Technical Abstract: BACKGROUND: Apolipoprotein A-II (APOA2) plays an ambiguous role in lipid metabolism, obesity, and atherosclerosis. METHODS: We studied the association between a functional APOA2 promoter polymorphism (-265T>C) and plasma lipids (fasting and postprandial), anthropometric variables, and food intake in 514 men and 564 women who participated in the Genetics of Lipid Lowering Drugs and Diet Network (GOLDN) study.

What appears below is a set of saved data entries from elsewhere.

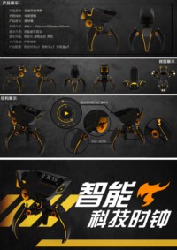 该产品是一款以机械为主题的智能科技时钟,产品功能上与FM网络广播电台相结合,在在紧张忙碌的生活中也可以得到适当放松,产品的造型结构,以炫酷的外观和棱角分明的机械设计感来引起消费者的喜爱和兴趣。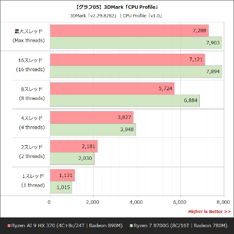 4スレッド以上が稼働する条件ではRyzen 7 8700Gを3~17%下回っているが、2スレッド以下になるとRyzen AI 9 HX 370が逆に7~11%上回った。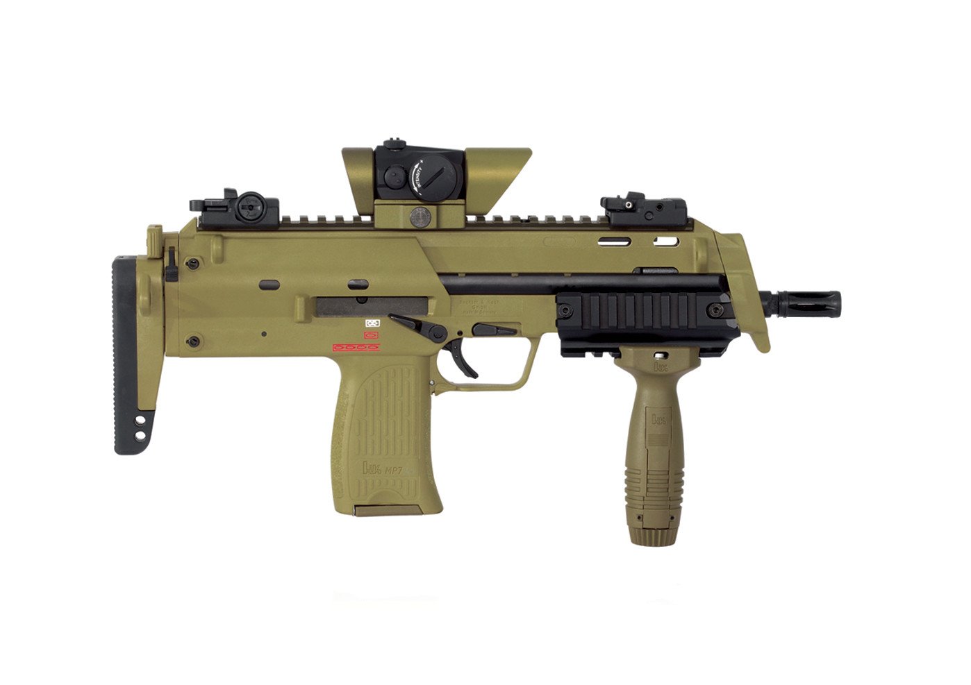 Optional forearm rails are also available. Standard folding mechanical peep sights can be fitted to the top rail or optional reflex, holographic, and other advanced sights can be attached in seconds without tools. Advanced optics like reflex (red dot sights) and holographic sights make aiming and target acquisition easy and intuitive whether the weapon is fired from the shoulder or at arms length like a handgun. Special carrying devices are available for overt and discreet carry of the MP7A1. Due to its lightweight, small size and minimal width the MP7A1 is especially suitable for VIP protection details, pilots, drivers, guards, and support personnel who require hands-free carry of their defensive weapon while performing other tasks. The most recent MP7 variant, the MP7A2, has a new style Picatinny Triple Rail handguard (3, 6, and 9 o’clock position) for the attachment of a forward vertical grip and other accessories.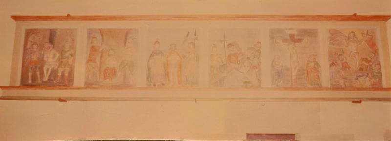 clôture de choeur : Cène (la), Jésus au jardin des oliviers, arrestation (l'), Jésus devant Anne, Jésus bafoué, Jésus devant Caïphe, Jésus devant Pilate, flagellation et le couronnement d'épines (la), Ecce Homo, Jésus tombant sous la croix, crucifixion (la), Résurrection (la), vue partielle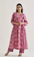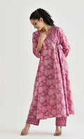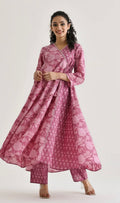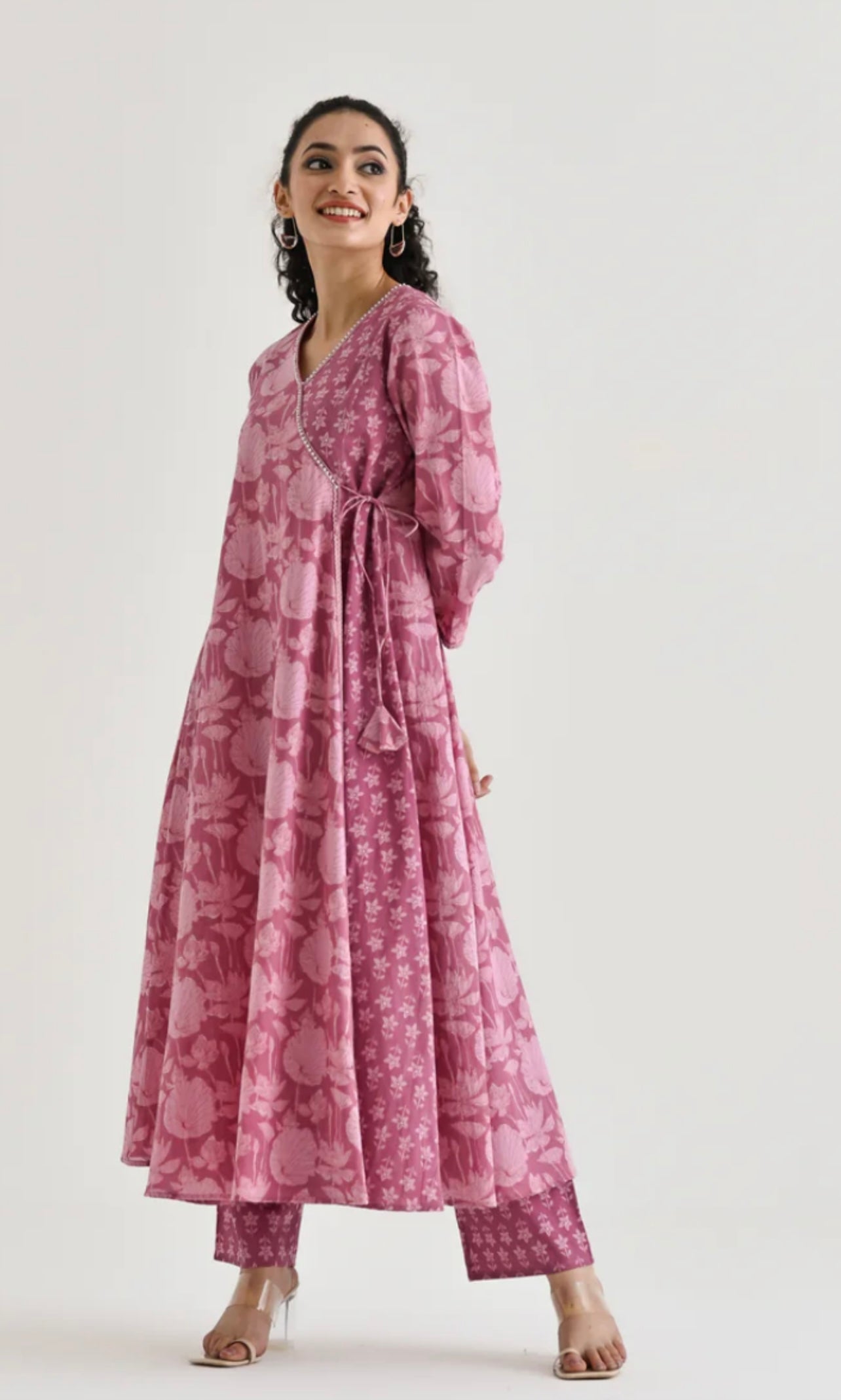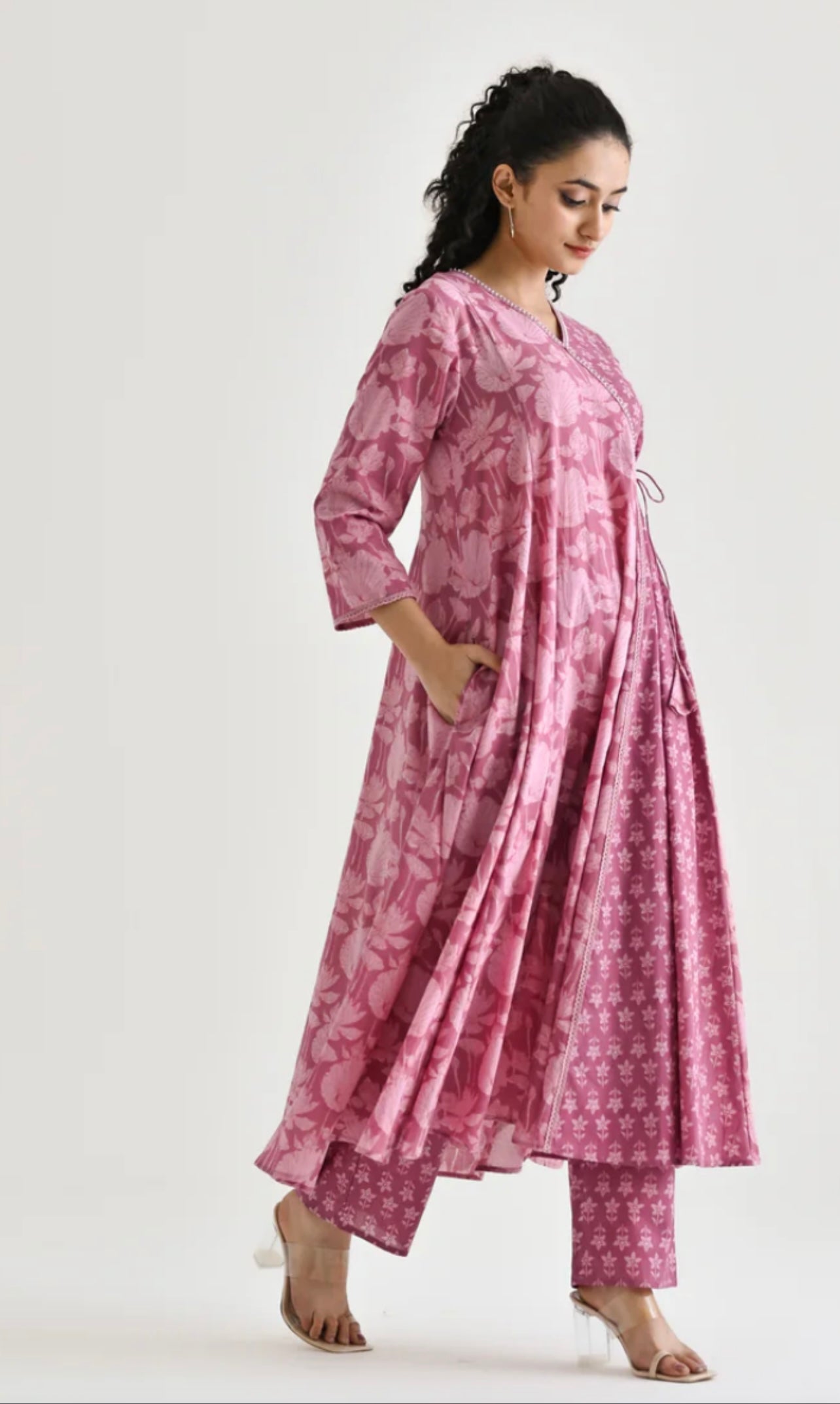 Step into effortless elegance with our pink angrakha-style Anarkali suit, beautifully adorned with delicate hand block prints that celebrate age-old artistry.

We obtained fasting and postprandial (after consuming a high-fat meal) measures. We measured lipoprotein particle concentrations by proton nuclear magnetic resonance spectroscopy and estimated dietary intake by use of a validated questionnaire. RESULTS: We observed recessive effects for this polymorphism that were homogeneous by sex. Individuals homozygous for the -265C allele had statistically higher body mass index (BMI) than did carriers of the T allele. Consistently, after multivariate adjustment, the odds ratio for obesity in CC individuals compared with T allele carriers was 1.70 (95% CI 1.02-2.80, P = 0.039). Interestingly, total energy intake in CC individuals was statistically higher [mean (SE) 9371 (497) vs 8456 (413) kJ/d, P = 0.005] than in T allele carriers. Likewise, total fat and protein intakes (expressed in grams per day) were statistically higher in CC individuals (P = 0.002 and P = 0.005, respectively). After adjustment for energy, percent of carbohydrate intake was statistically lower in CC individuals. These associations remained statistically significant even after adjustment for BMI. We found no associations with fasting lipids and only some associations with HDL subfraction distribution in the postprandial state. CONCLUSIONS: The -265T>C polymorphism is consistently associated with food consumption and obesity, suggesting a new role for APOA2 in regulating dietary intake.